■ Exercise aim ■
With the pictures removed, please write out every line below exactly as given.

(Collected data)
↓
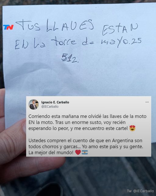 “No las tenía conmigo, las empecé a buscar en la oficina sin expectativas. Regresé a la moto y me topé con esa sorpresa”, expresó Carballo, que en sus redes compartió el cartel que le habían dejado: “Tus llaves están en la torre de Mayo 25″.
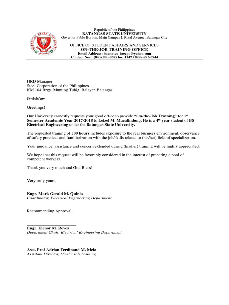 Our University earnestly requests your good office to provide On-the-Job Training for 1st
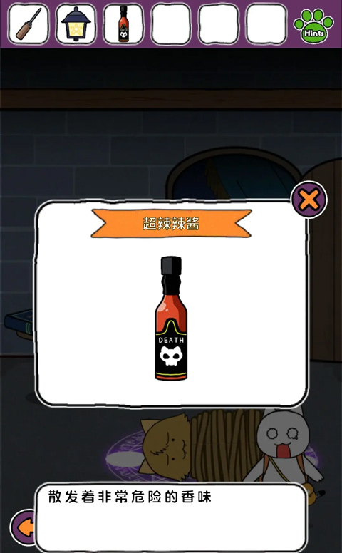 17、对餐桌里的肉使用魔鬼辣椒酱,获得超辣的肉,把肉给乌鸦,乌鸦飞走。
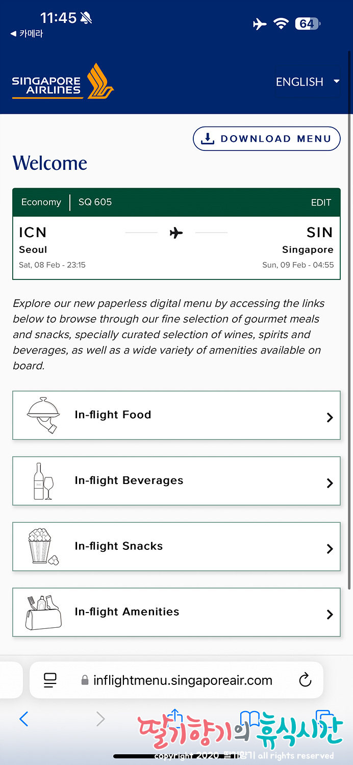 그러다보니 국적기보다는 싱가포르의 국적기인 싱가포르항공을 이용하게 되었다.
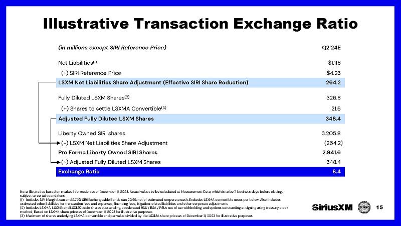 14 Transaction Structure • Liberty separates Liberty SiriusXM Group through redemptive split - off to form “SplitCo” holding all LSXM assets and liabilities Exchange Ratio = Adjusted LSXM - Owned SIRI Shares Adjusted Fully - Diluted LSXM Shares = = 3,205.8MM shares – LSXM Net Liabilities (1) / SIRI Share Price of $4.23 Basic shares of LSXMA+LSXMB+LSXMK + Dilutive Impact of LSXMA convertible notes and equity awards 8.4 (2) • SplitCo acquires SiriusXM in stock - for - stock transaction to create New SiriusXM − Each share of SplitCo becomes 1 share of New SiriusXM − Each share of SiriusXM held by minority shareholders receives 1 share of New SiriusXM (1) LSXM Net Liabilities include SIRI Margin Loan and 2.75% SIRI Exchangeable Bonds due 2049, net of estimated corporate cash. Ex clu des LSXMA convertible notes. Also includes estimated other liabilities for transaction fees and expenses, financing fees, litigation related liabilities and other corpo rat e adjustments (2) Exchange Ratio based on estimated LSXM Net Liabilities as of June 30, 2024, subject to final adjustments at close =
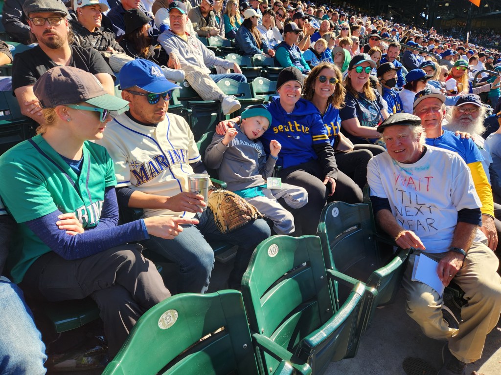 The last Mariners game on Sunday was fun, although too little too late. The Ms won, and we had the opportunity to chat with several different friends and fellow fans. We actually just about closed the joint. They were starting to clear the stands, as the players’ kids ran around on the field.
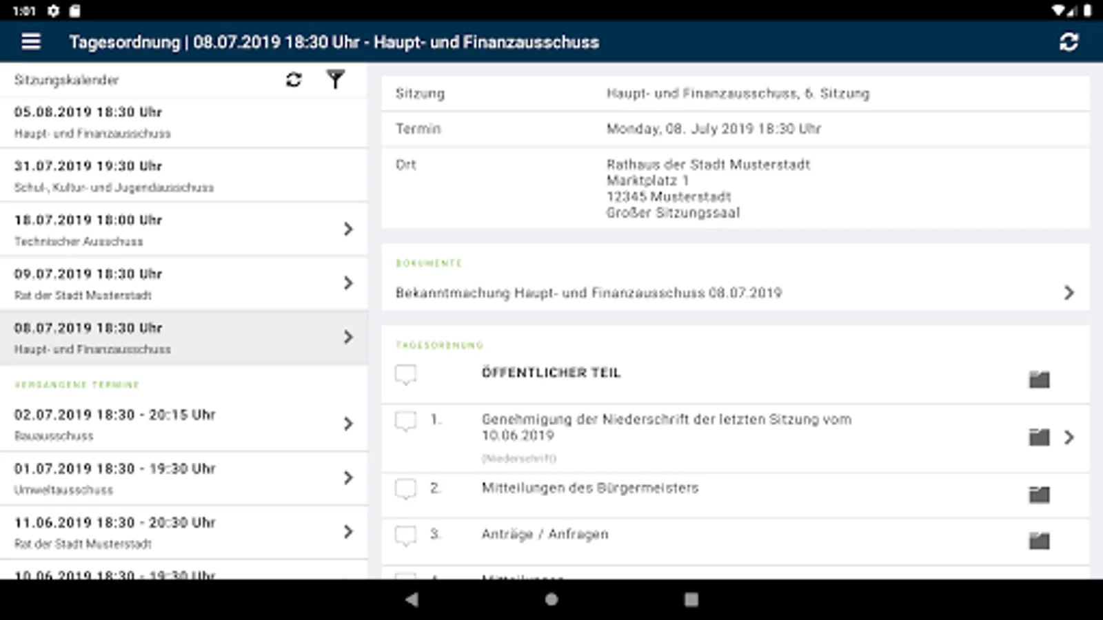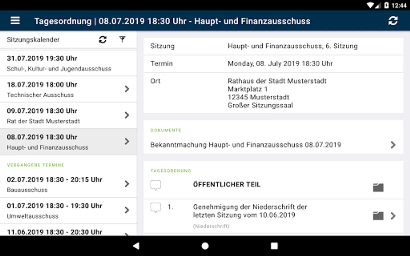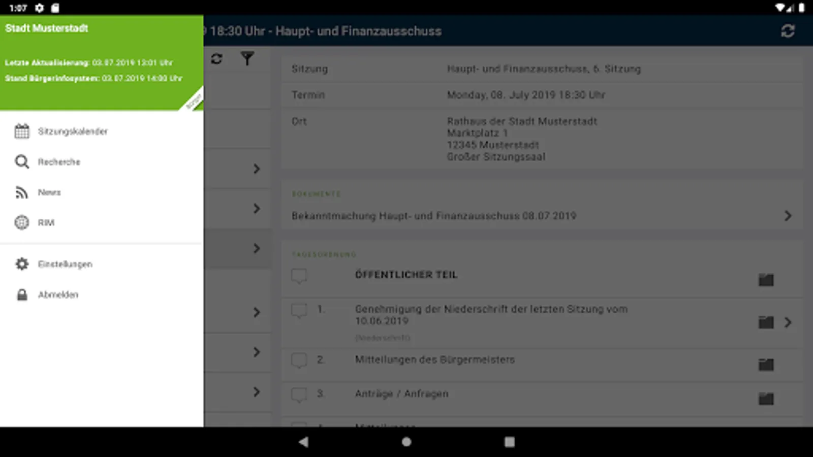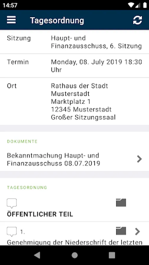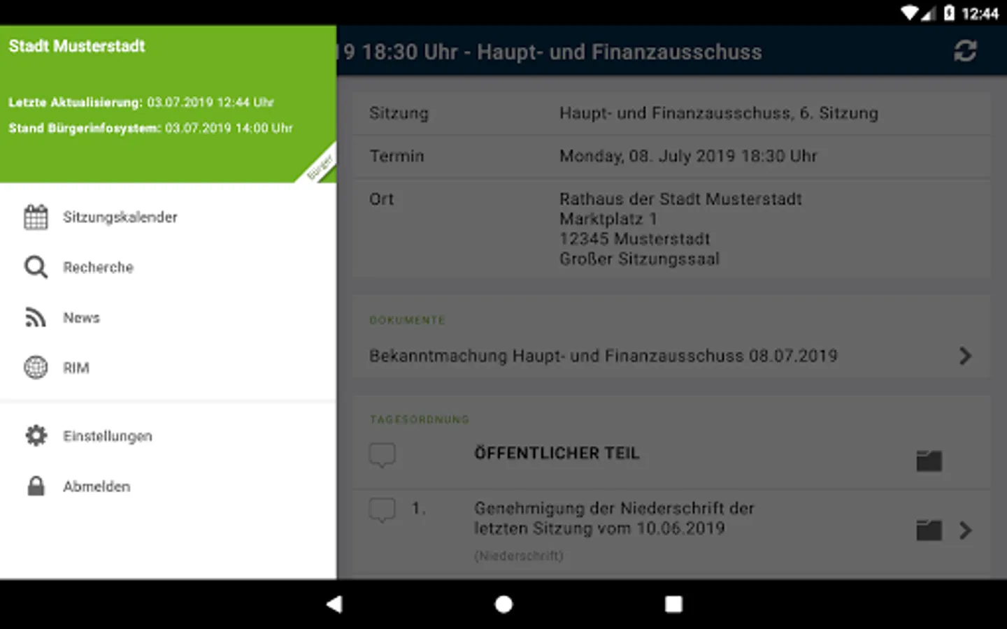 View all public dates, agendas, templates, attachments, minutes, resolutions and news from SD.NET Council Information Management 4 (RIM 4). The data is automatically stored on the tablet or smartphone so that you have access to all the system information at any time, even without an internet connection. Optionally, the available administrations can be sorted by distance in order to easily select an administration in your area.
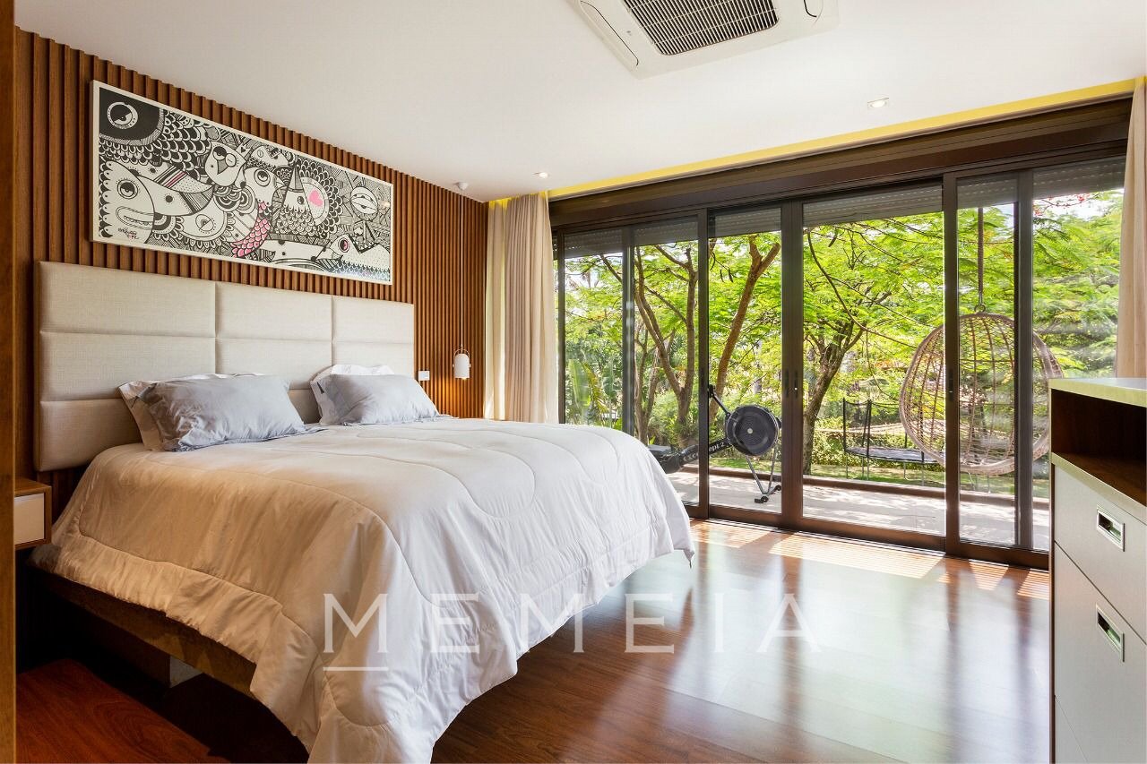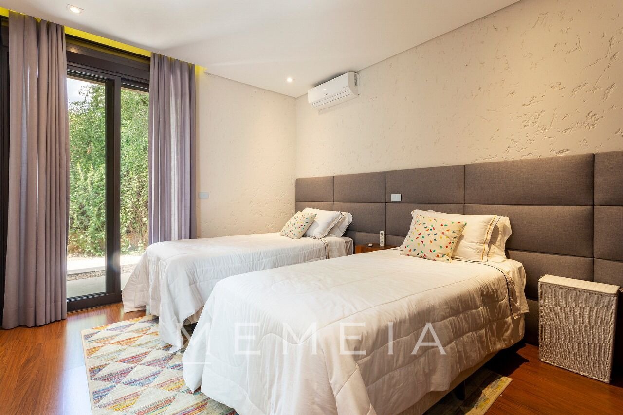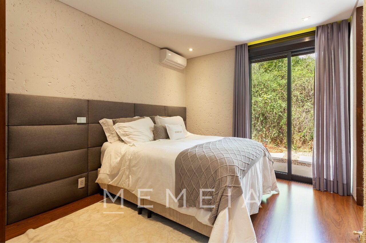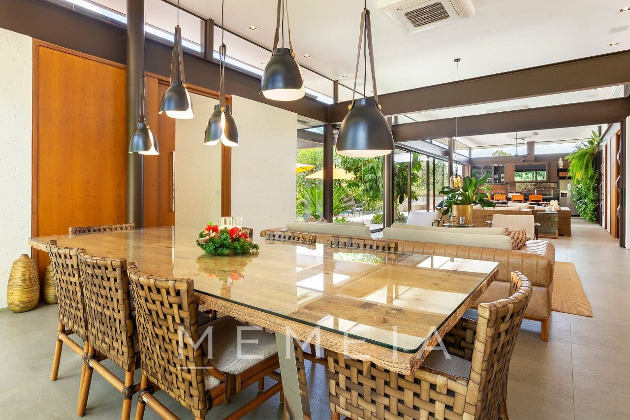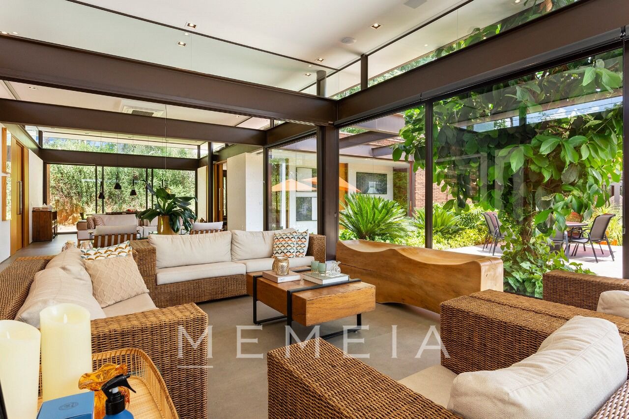 Maravilhosa casa assinada pela Sala 03 Arquitetura, totalmente decorada com peças exclusivas e impecavelmente mobiliada com móveis de design. Totalmente envidraçada, a natureza de um lindo paisagismo e arquitetura se integram. Incrível espaço gourmet completamente equipado, com duas churrasqueiras , além de uma área externa com piscina e fire pit. ar condicionado em todos os ambientes, inclusive na cozinha. A casa conta ainda com uma cisterna e poço artesiano .
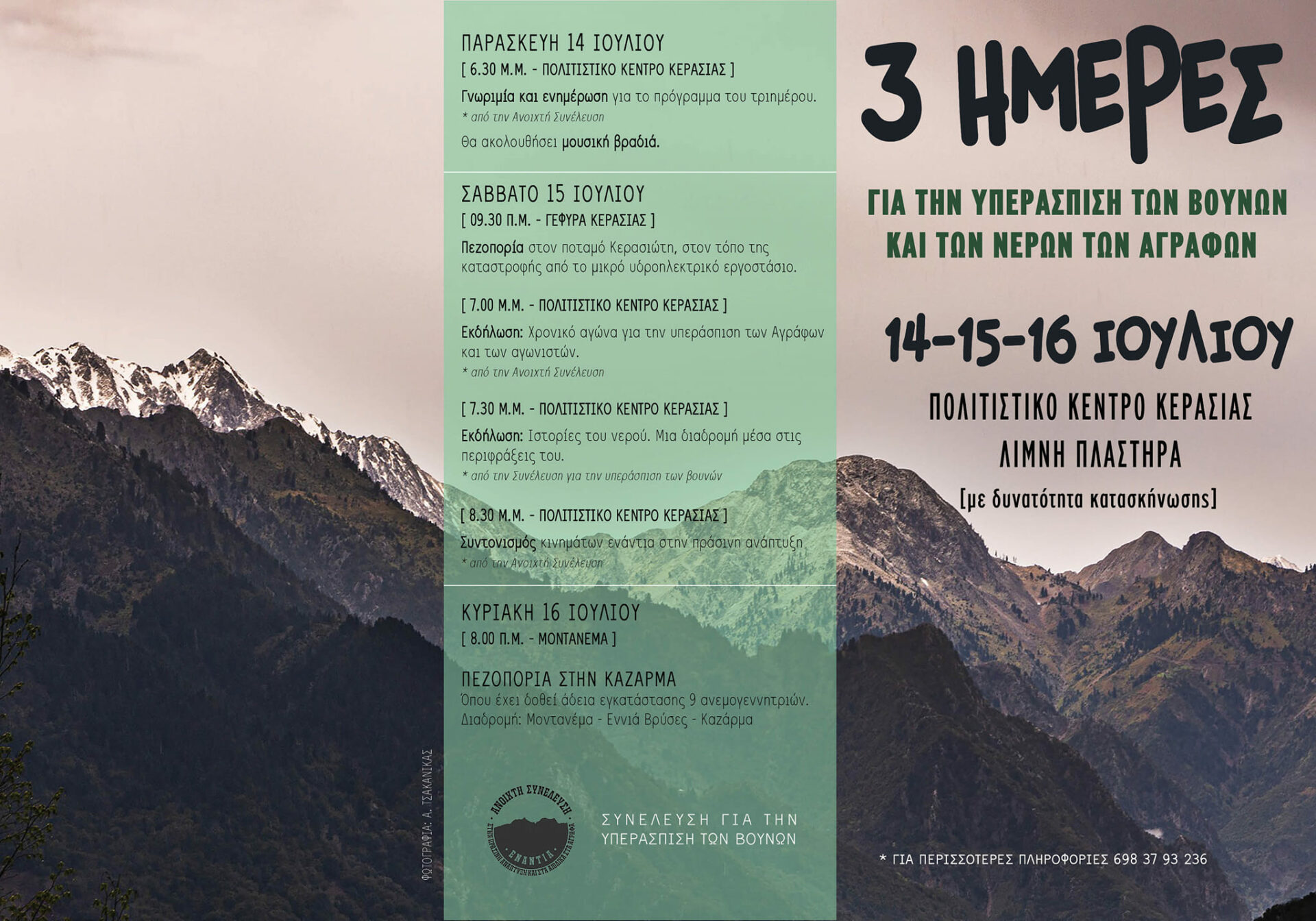14, 15 και 16 Ιουλίου, τρεις ημέρες συζητήσεων και δράσεων για την υπεράσπιση των βουνών και των νερών των Αγράφων. Να είμαστε όλοι και όλες εκεί! Παρασκευή 14 Ιουλίου 6.30 μ.μ., Πολιτιστικό Κέντρο Κερασιάς. Γνωριμία και ενημέρωση για το πρόγραμμα…
↑
■ Output ■
 “No las tenía conmigo, las empecé a buscar en la oficina sin expectativas. Regresé a la moto y me topé con esa sorpresa”, expresó Carballo, que en sus redes compartió el cartel que le habían dejado: “Tus llaves están en la torre de Mayo 25″.
 Our University earnestly requests your good office to provide On-the-Job Training for 1st
 17、对餐桌里的肉使用魔鬼辣椒酱,获得超辣的肉,把肉给乌鸦,乌鸦飞走。
 그러다보니 국적기보다는 싱가포르의 국적기인 싱가포르항공을 이용하게 되었다.
 14 Transaction Structure • Liberty separates Liberty SiriusXM Group through redemptive split - off to form “SplitCo” holding all LSXM assets and liabilities Exchange Ratio = Adjusted LSXM - Owned SIRI Shares Adjusted Fully - Diluted LSXM Shares = = 3,205.8MM shares – LSXM Net Liabilities (1) / SIRI Share Price of $4.23 Basic shares of LSXMA+LSXMB+LSXMK + Dilutive Impact of LSXMA convertible notes and equity awards 8.4 (2) • SplitCo acquires SiriusXM in stock - for - stock transaction to create New SiriusXM − Each share of SplitCo becomes 1 share of New SiriusXM − Each share of SiriusXM held by minority shareholders receives 1 share of New SiriusXM (1) LSXM Net Liabilities include SIRI Margin Loan and 2.75% SIRI Exchangeable Bonds due 2049, net of estimated corporate cash. Ex clu des LSXMA convertible notes. Also includes estimated other liabilities for transaction fees and expenses, financing fees, litigation related liabilities and other corpo rat e adjustments (2) Exchange Ratio based on estimated LSXM Net Liabilities as of June 30, 2024, subject to final adjustments at close =
 The last Mariners game on Sunday was fun, although too little too late. The Ms won, and we had the opportunity to chat with several different friends and fellow fans. We actually just about closed the joint. They were starting to clear the stands, as the players’ kids ran around on the field.
 View all public dates, agendas, templates, attachments, minutes, resolutions and news from SD.NET Council Information Management 4 (RIM 4). The data is automatically stored on the tablet or smartphone so that you have access to all the system information at any time, even without an internet connection. Optionally, the available administrations can be sorted by distance in order to easily select an administration in your area.
 Maravilhosa casa assinada pela Sala 03 Arquitetura, totalmente decorada com peças exclusivas e impecavelmente mobiliada com móveis de design. Totalmente envidraçada, a natureza de um lindo paisagismo e arquitetura se integram. Incrível espaço gourmet completamente equipado, com duas churrasqueiras , além de uma área externa com piscina e fire pit. ar condicionado em todos os ambientes, inclusive na cozinha. A casa conta ainda com uma cisterna e poço artesiano .
14, 15 και 16 Ιουλίου, τρεις ημέρες συζητήσεων και δράσεων για την υπεράσπιση των βουνών και των νερών των Αγράφων. Να είμαστε όλοι και όλες εκεί! Παρασκευή 14 Ιουλίου 6.30 μ.μ., Πολιτιστικό Κέντρο Κερασιάς. Γνωριμία και ενημέρωση για το πρόγραμμα…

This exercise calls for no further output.